[RECORDS SHOWN]

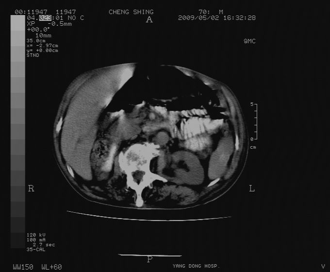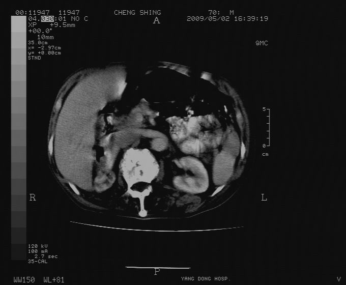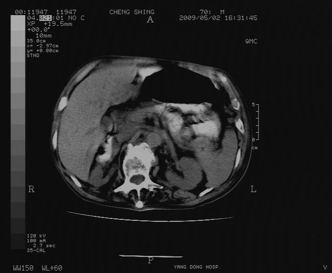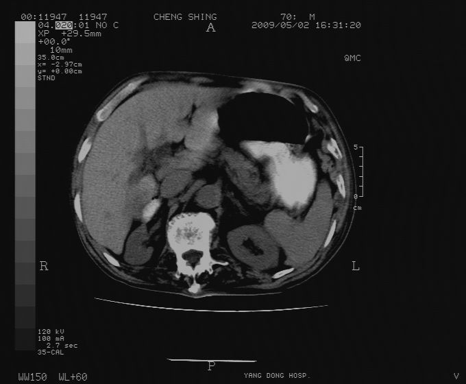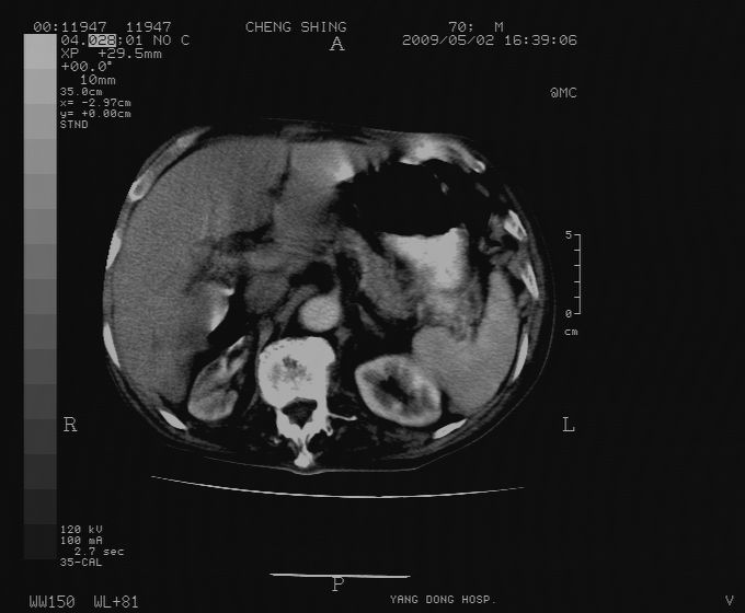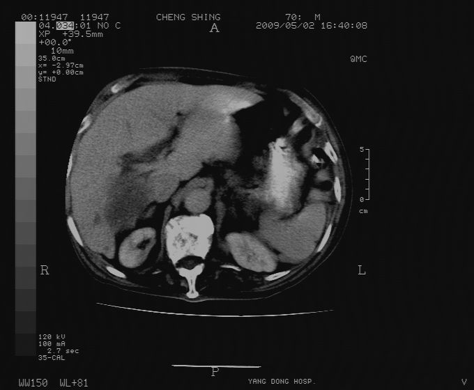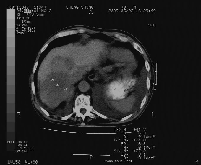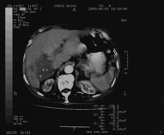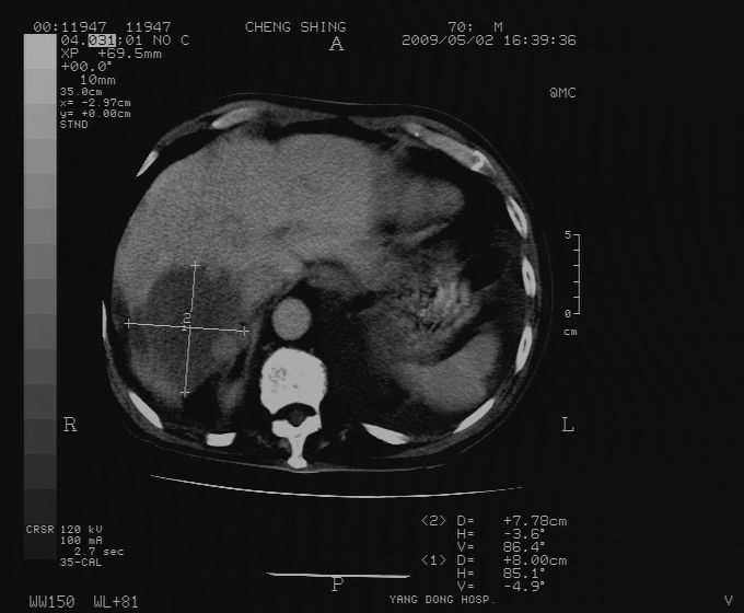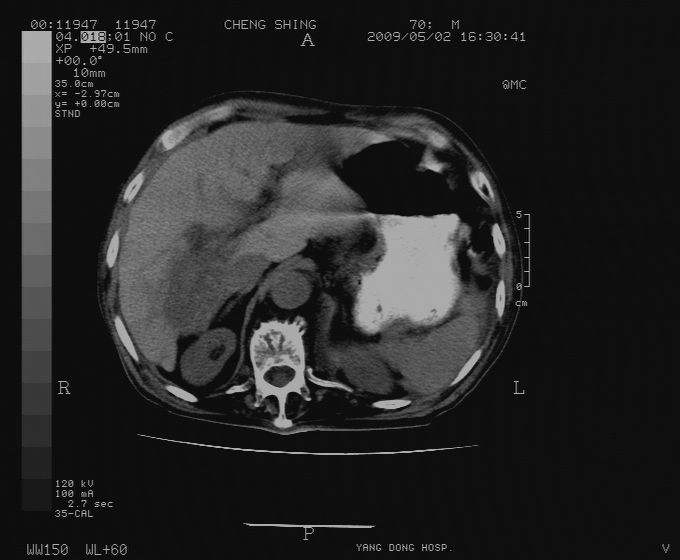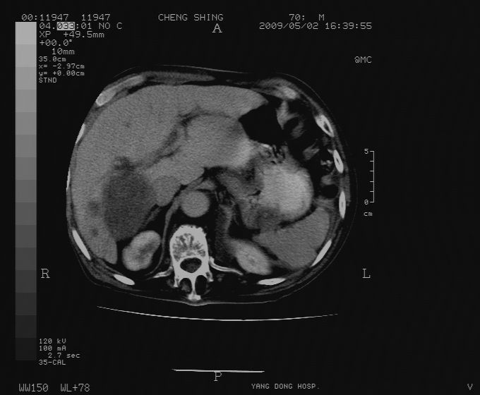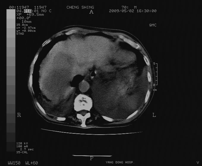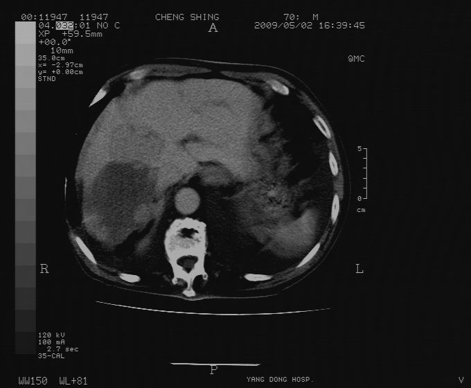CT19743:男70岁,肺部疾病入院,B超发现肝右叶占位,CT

[/RECORDS SHOWN]
[RECORDS SHOWN]

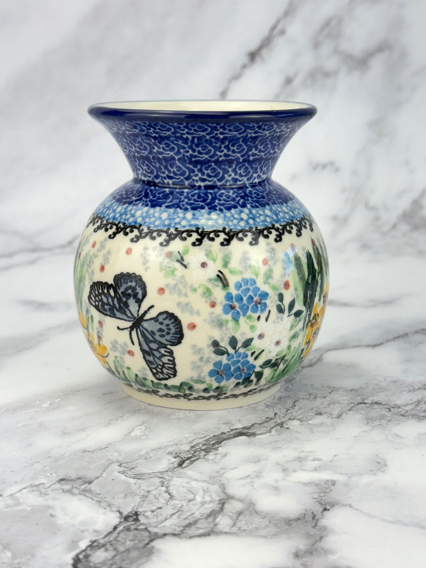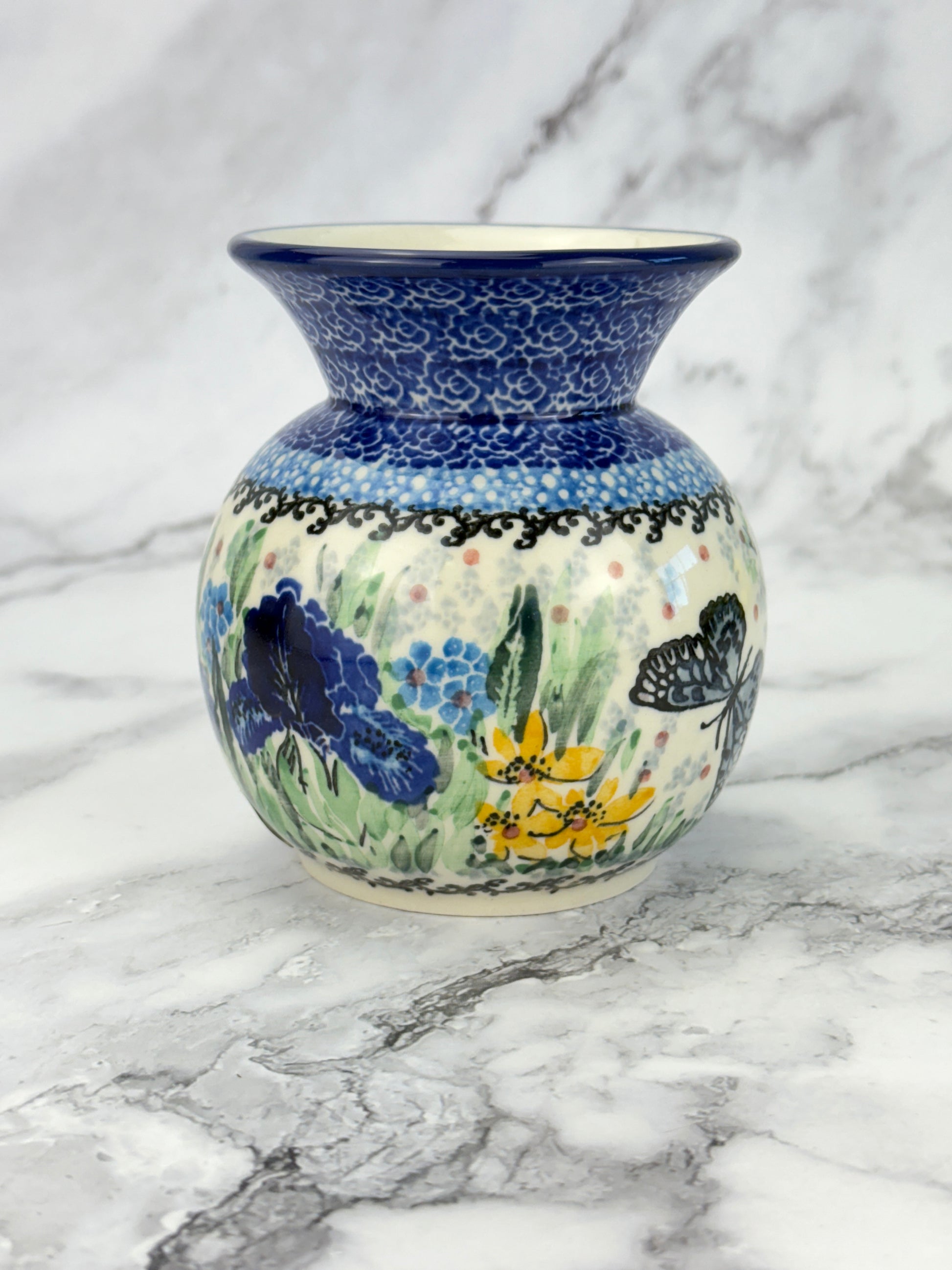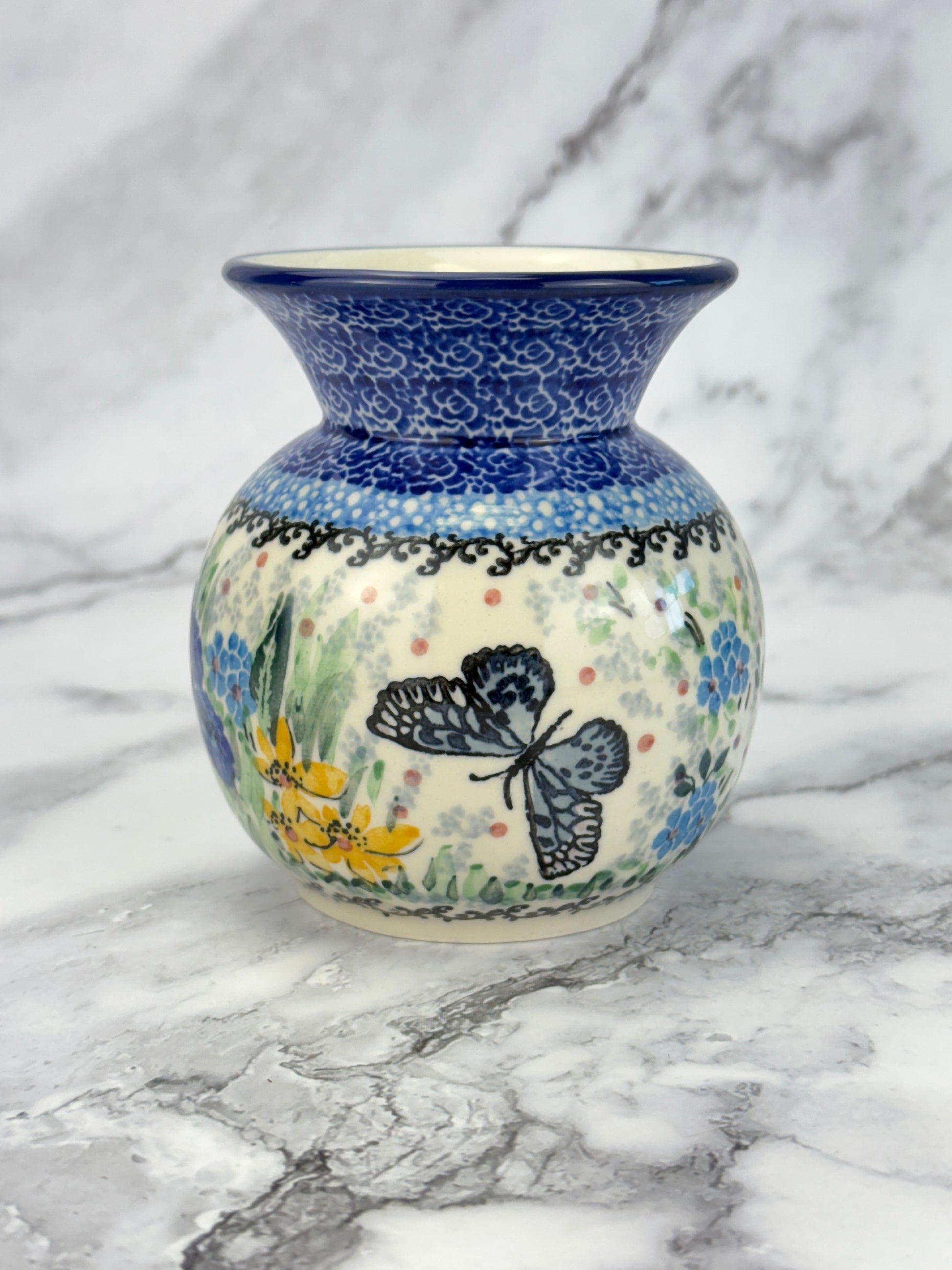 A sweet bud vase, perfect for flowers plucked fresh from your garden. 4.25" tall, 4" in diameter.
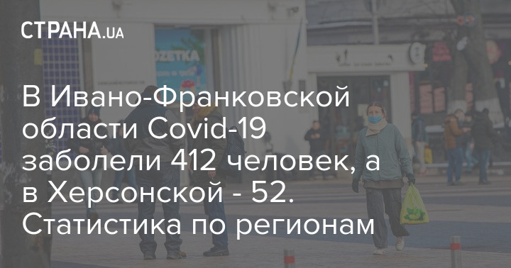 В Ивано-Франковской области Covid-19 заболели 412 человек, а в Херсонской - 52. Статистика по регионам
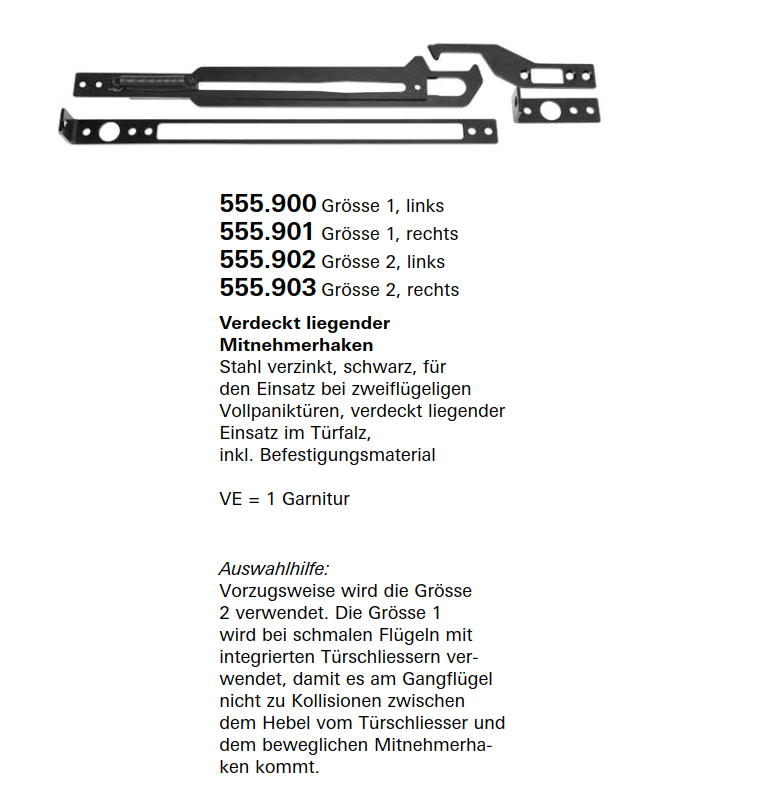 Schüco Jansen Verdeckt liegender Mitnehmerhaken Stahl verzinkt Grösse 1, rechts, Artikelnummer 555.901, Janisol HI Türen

[/RECORDS SHOWN]

» PROBLEM DESCRIPTION
Copy out the lines above from the line containing "A sweet bud" through the line containing "Schüco Jansen Verdeckt", exactly, and keep the pictures out.

» ANSWER TO THIS EXERCISE
 A sweet bud vase, perfect for flowers plucked fresh from your garden. 4.25" tall, 4" in diameter.
 В Ивано-Франковской области Covid-19 заболели 412 человек, а в Херсонской - 52. Статистика по регионам
 Schüco Jansen Verdeckt liegender Mitnehmerhaken Stahl verzinkt Grösse 1, rechts, Artikelnummer 555.901, Janisol HI Türen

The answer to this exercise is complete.